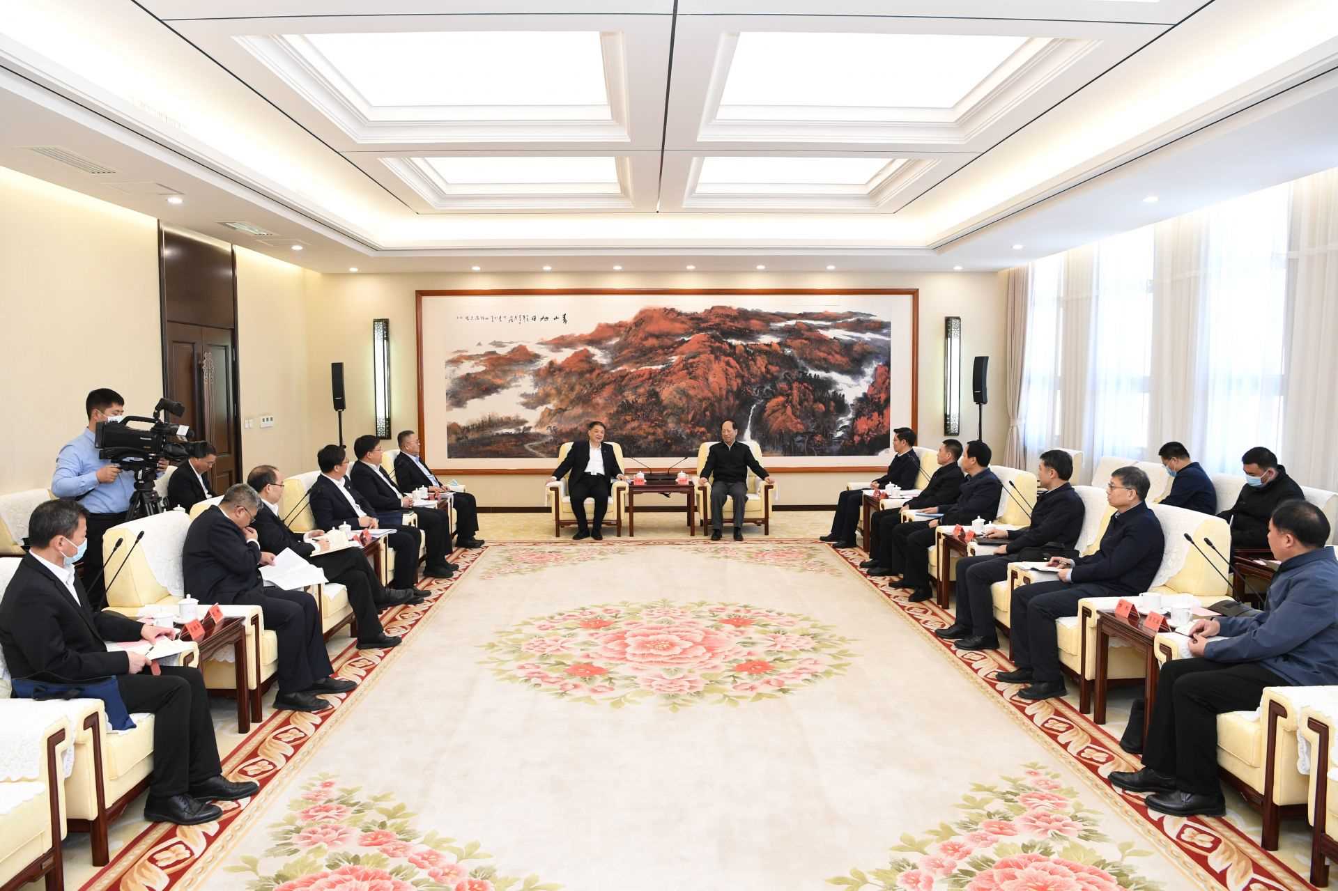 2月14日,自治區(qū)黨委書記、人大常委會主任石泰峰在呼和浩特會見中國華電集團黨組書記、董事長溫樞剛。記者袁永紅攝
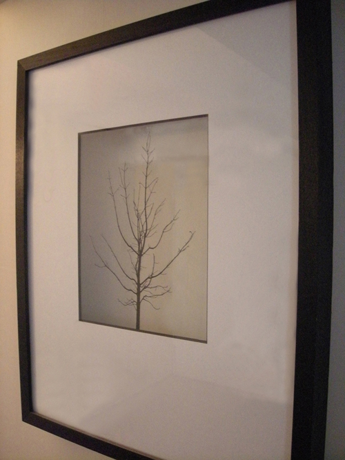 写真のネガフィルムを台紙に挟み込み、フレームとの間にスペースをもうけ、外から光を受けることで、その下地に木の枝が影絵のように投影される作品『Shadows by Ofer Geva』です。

****************************************

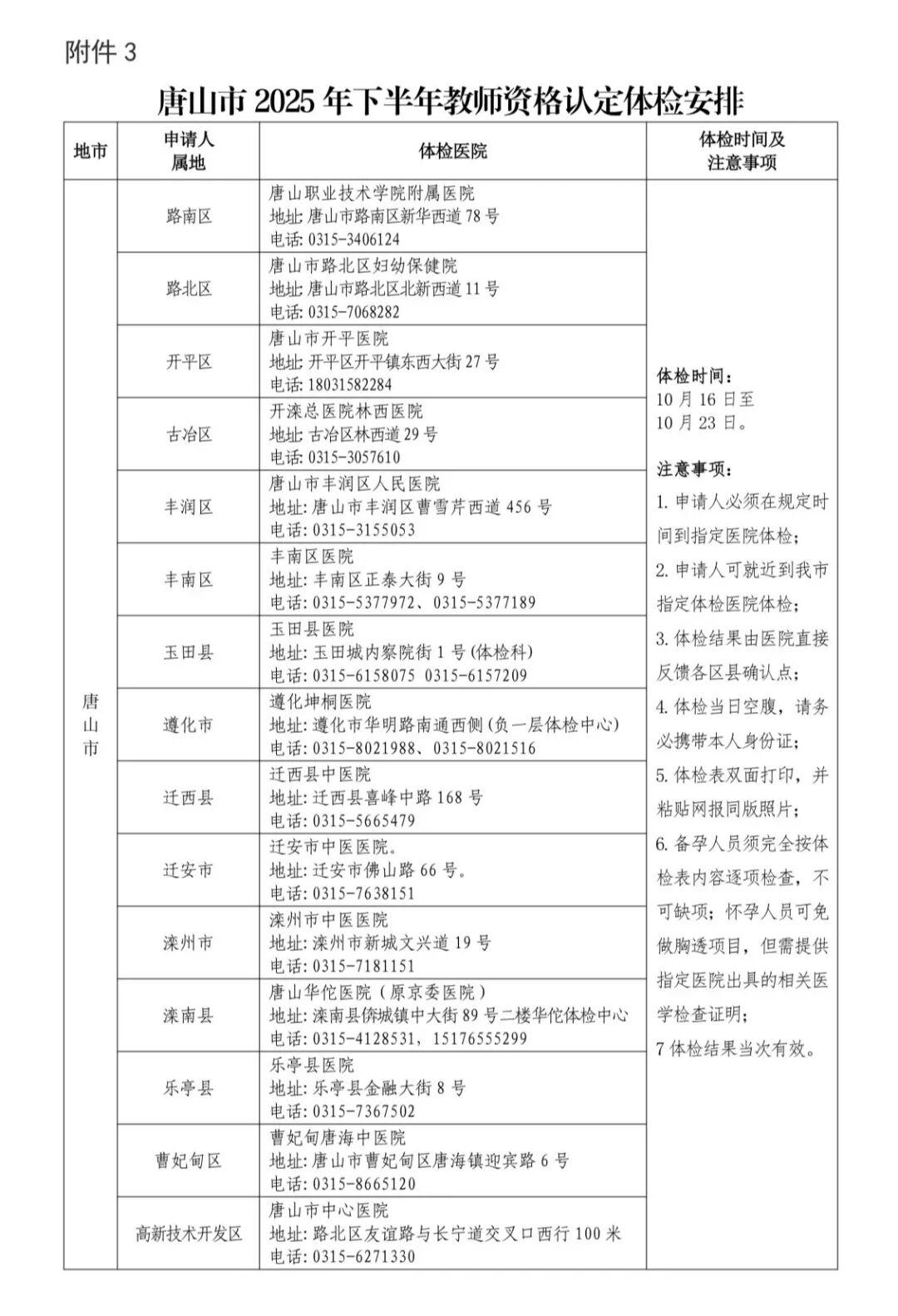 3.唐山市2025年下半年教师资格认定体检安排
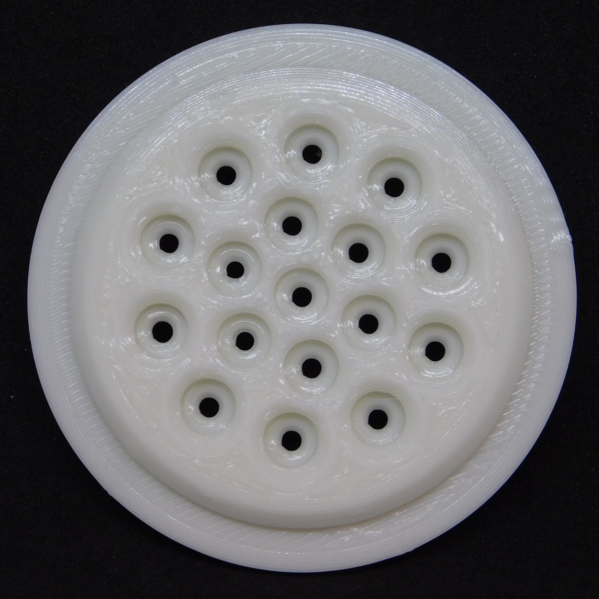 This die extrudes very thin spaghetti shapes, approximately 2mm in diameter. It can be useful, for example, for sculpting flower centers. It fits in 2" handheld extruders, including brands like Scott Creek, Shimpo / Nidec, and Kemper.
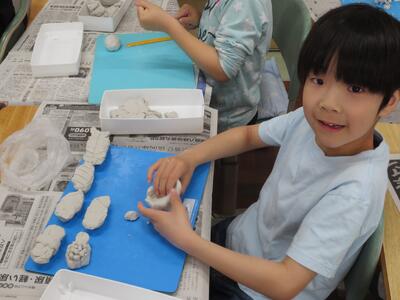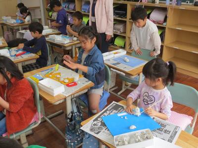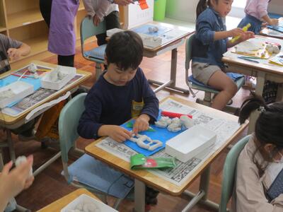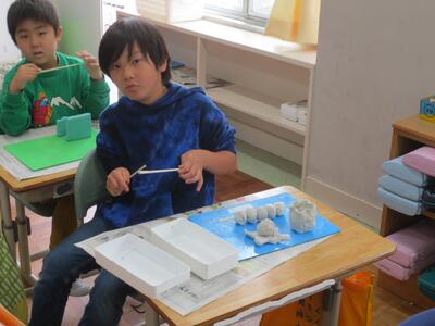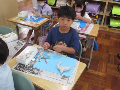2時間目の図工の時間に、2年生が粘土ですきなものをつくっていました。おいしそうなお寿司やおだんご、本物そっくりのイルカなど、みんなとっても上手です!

****************************************

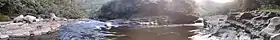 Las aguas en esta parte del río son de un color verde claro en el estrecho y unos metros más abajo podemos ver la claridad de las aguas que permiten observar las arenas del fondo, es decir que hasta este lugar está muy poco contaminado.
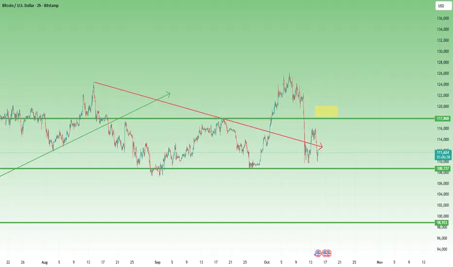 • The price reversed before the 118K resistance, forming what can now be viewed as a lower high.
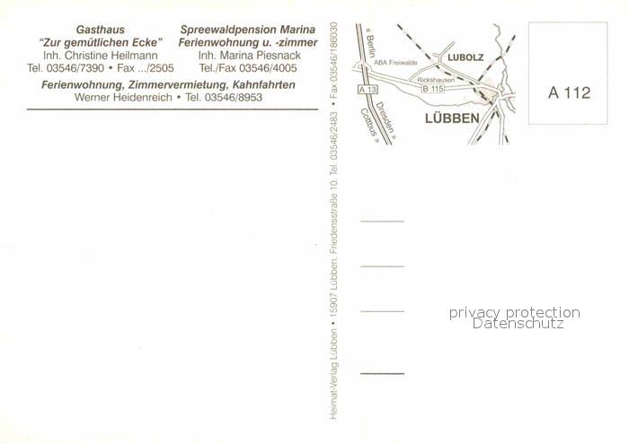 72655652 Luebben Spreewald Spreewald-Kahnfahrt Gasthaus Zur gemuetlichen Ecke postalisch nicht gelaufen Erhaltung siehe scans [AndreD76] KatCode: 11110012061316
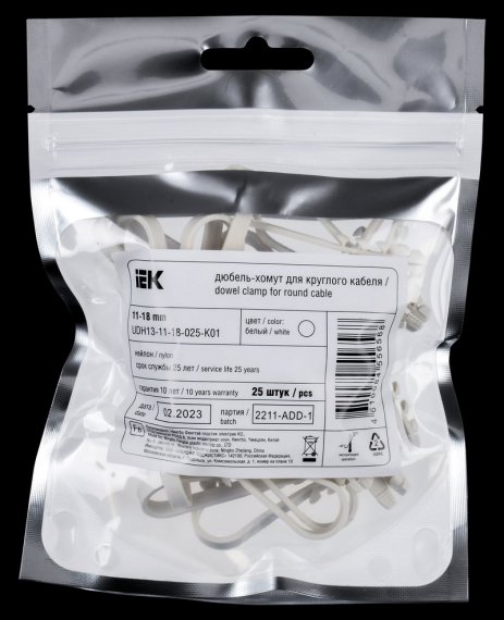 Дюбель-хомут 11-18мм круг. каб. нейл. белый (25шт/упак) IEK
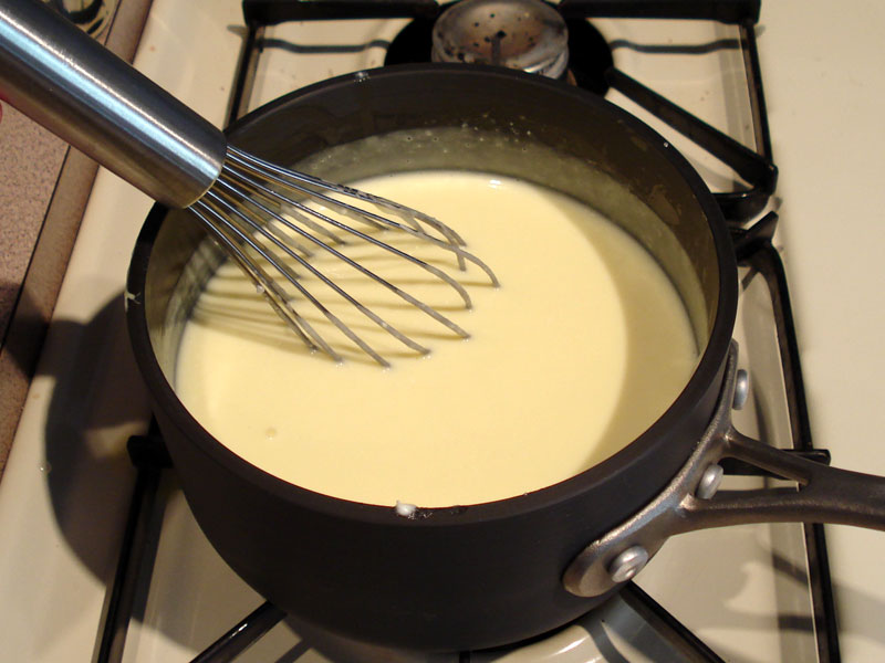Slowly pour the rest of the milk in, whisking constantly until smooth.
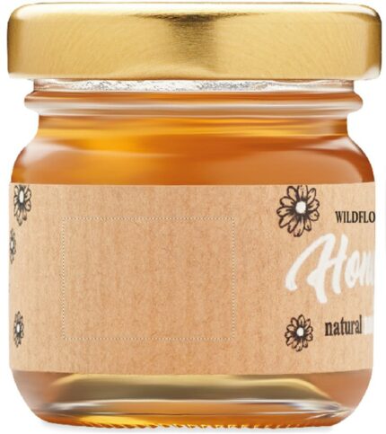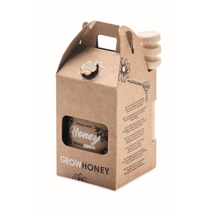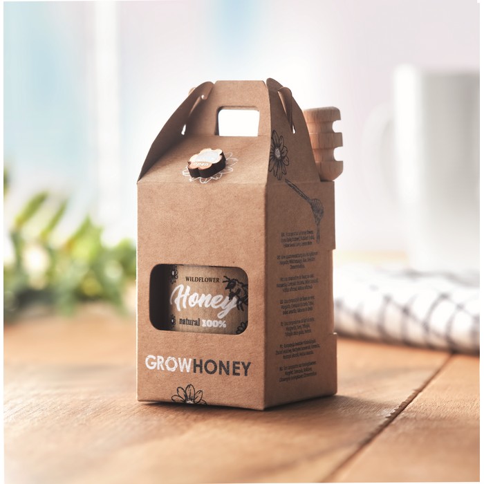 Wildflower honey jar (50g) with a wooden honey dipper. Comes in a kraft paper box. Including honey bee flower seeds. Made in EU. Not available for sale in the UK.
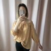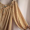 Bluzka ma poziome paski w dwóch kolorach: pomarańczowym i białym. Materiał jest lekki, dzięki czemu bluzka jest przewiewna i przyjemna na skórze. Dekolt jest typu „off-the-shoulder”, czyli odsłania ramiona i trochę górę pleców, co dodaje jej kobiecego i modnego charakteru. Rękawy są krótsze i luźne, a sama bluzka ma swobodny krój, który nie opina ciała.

****************************************

To do
Reproduce word for word, with pictures dropped, only the part of the material above that opens with the line containing "2月14日,自治區(qū)黨" and closes with the line containing "by Ofer Geva』です。".

Exercise result
 2月14日,自治區(qū)黨委書記、人大常委會主任石泰峰在呼和浩特會見中國華電集團黨組書記、董事長溫樞剛。記者袁永紅攝
 写真のネガフィルムを台紙に挟み込み、フレームとの間にスペースをもうけ、外から光を受けることで、その下地に木の枝が影絵のように投影される作品『Shadows by Ofer Geva』です。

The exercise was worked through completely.